Exercise instructions: Quote word for word the lines below, beginning with the first and ending with the one that has "Eileen Fisher Long". Drop the pictures.

[Recorded data]

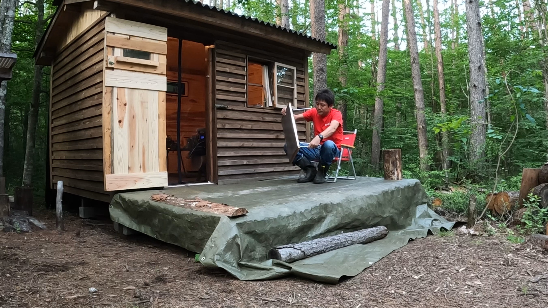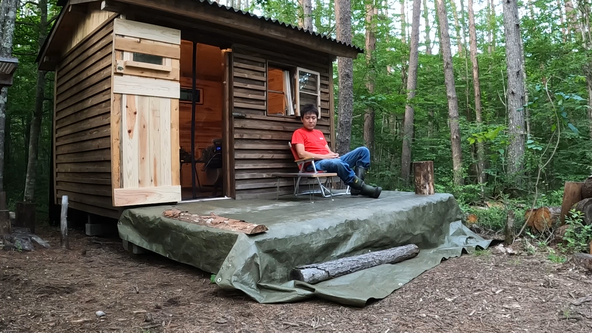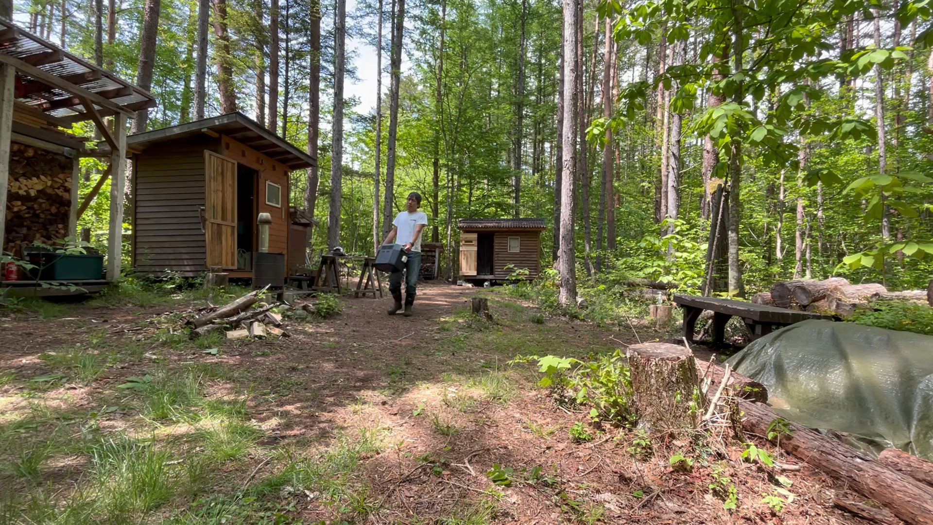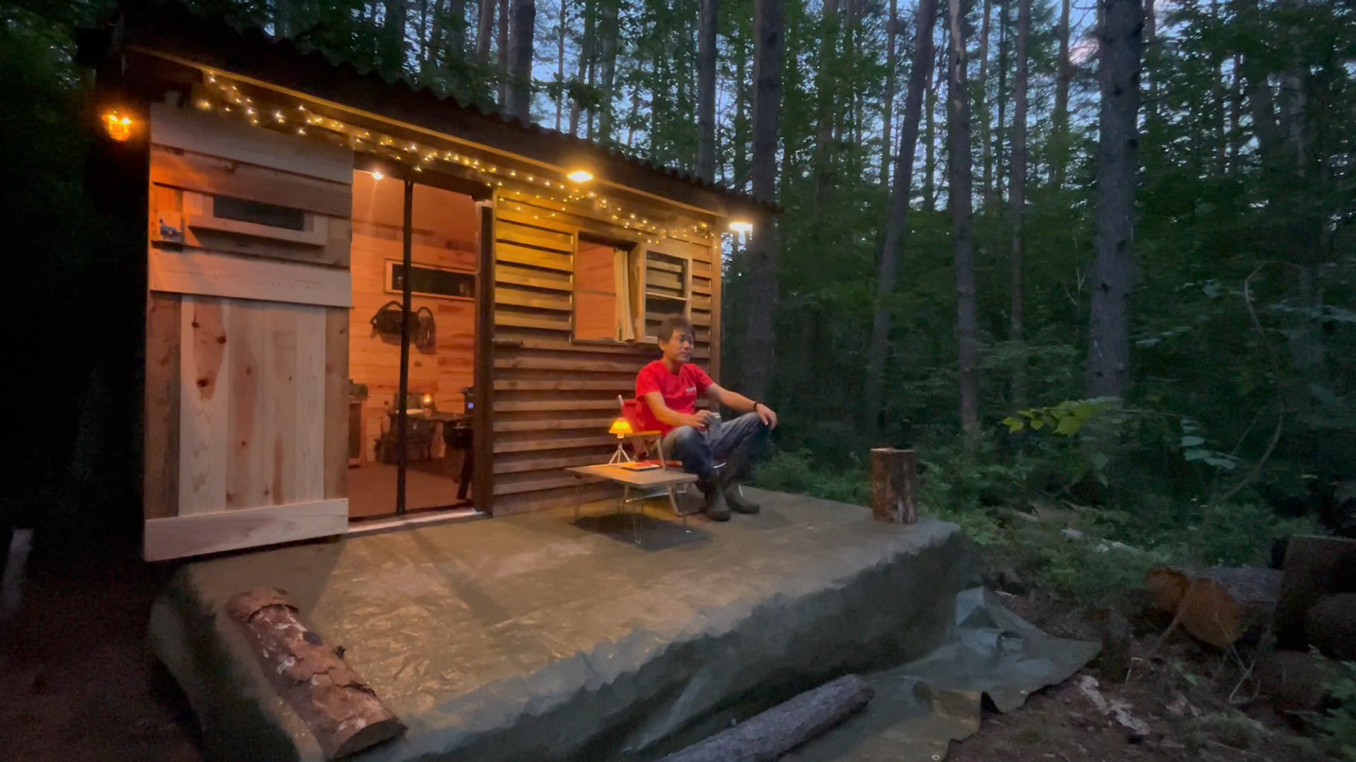 2020年の8月に開拓をスタートして、物置小屋、薪棚、雨水貯水システム、そして小さな小さな山小屋を建てました。
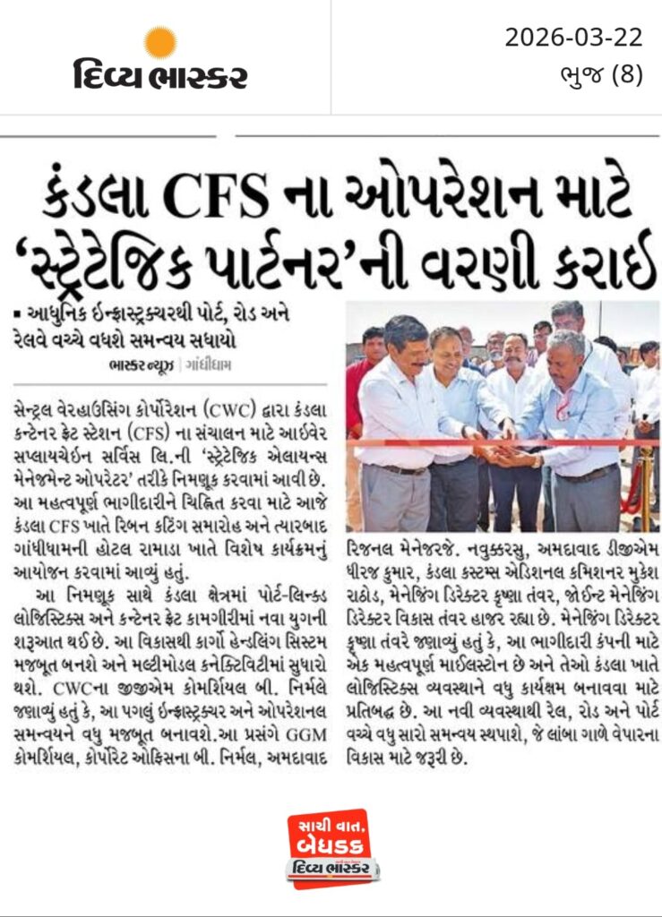 CWC Appoints iWare as Strategic Alliance Management Operator for Kandla CFS
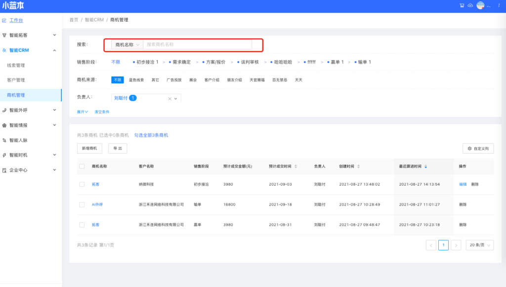 也可以按负责人、销售阶段等查询。负责人默认本人最大数据权限。
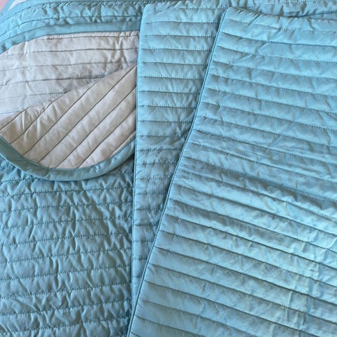 2 stk dynetrekk i krepp. Lys turkis/mintgrønn. Mangler et par bånd og det ene dynetrekket er skjøtet på tvers. Mer slitt enn andre dynetrekk i andre annonser. Selges derfor samlet for kr. 140,- + frakt.
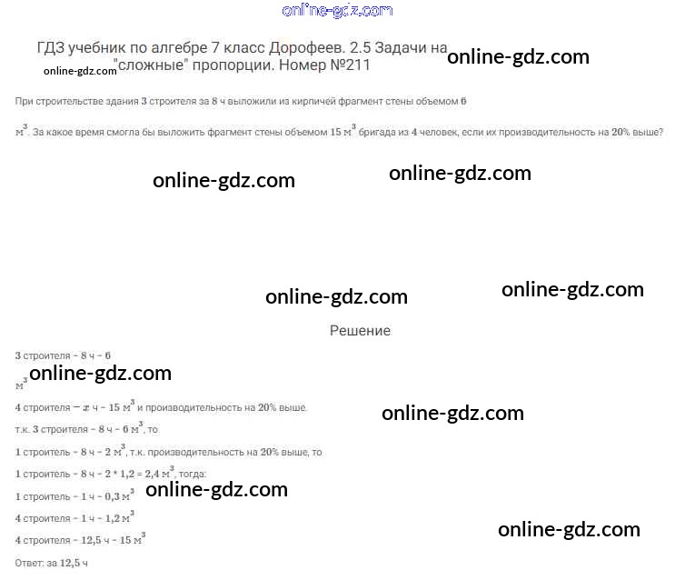 Готовые домашние задания по Алгебре за 7 класс Учебник Дорофеев, Суворова Академический школьный учебник 2020 - Упражнения 211
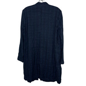 Eileen Fisher Long Jacket Sz XXS Blue Textured Organic Linen Stripe Quite Luxury
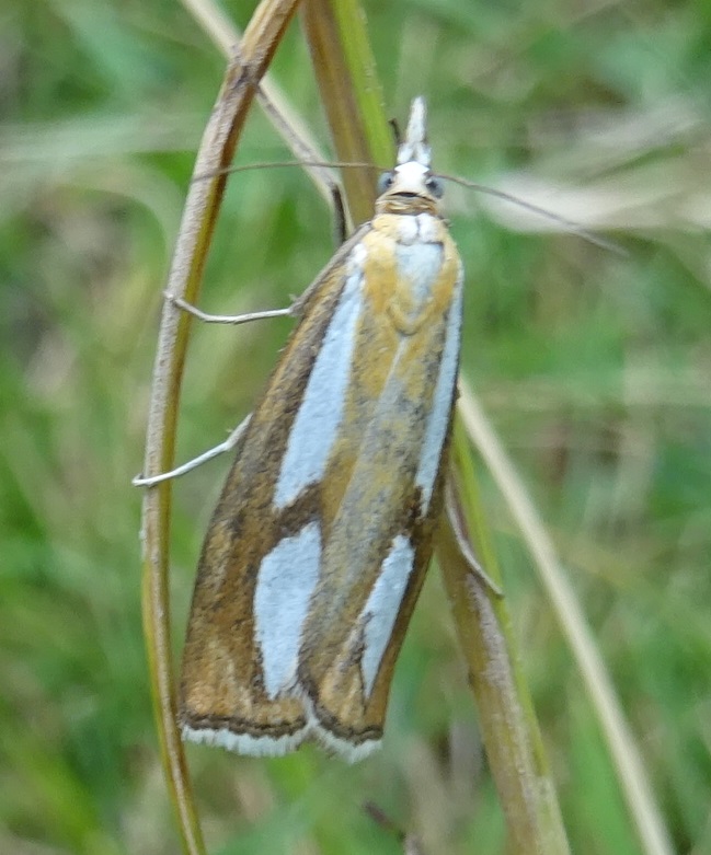 Salve, guardando un po' di foto avevo pensato a Crambus pascuella, ma la riga marroncina che divide in due l'area bianca mi pare diversa. In un prato a circa 1700 mt. Lunghezza circa 1,5cm, forse meno. Qualche suggerimento? Grazie!

Result of this exercise:
 2020年の8月に開拓をスタートして、物置小屋、薪棚、雨水貯水システム、そして小さな小さな山小屋を建てました。
 CWC Appoints iWare as Strategic Alliance Management Operator for Kandla CFS
 也可以按负责人、销售阶段等查询。负责人默认本人最大数据权限。
 2 stk dynetrekk i krepp. Lys turkis/mintgrønn. Mangler et par bånd og det ene dynetrekket er skjøtet på tvers. Mer slitt enn andre dynetrekk i andre annonser. Selges derfor samlet for kr. 140,- + frakt.
 Готовые домашние задания по Алгебре за 7 класс Учебник Дорофеев, Суворова Академический школьный учебник 2020 - Упражнения 211
 Eileen Fisher Long Jacket Sz XXS Blue Textured Organic Linen Stripe Quite Luxury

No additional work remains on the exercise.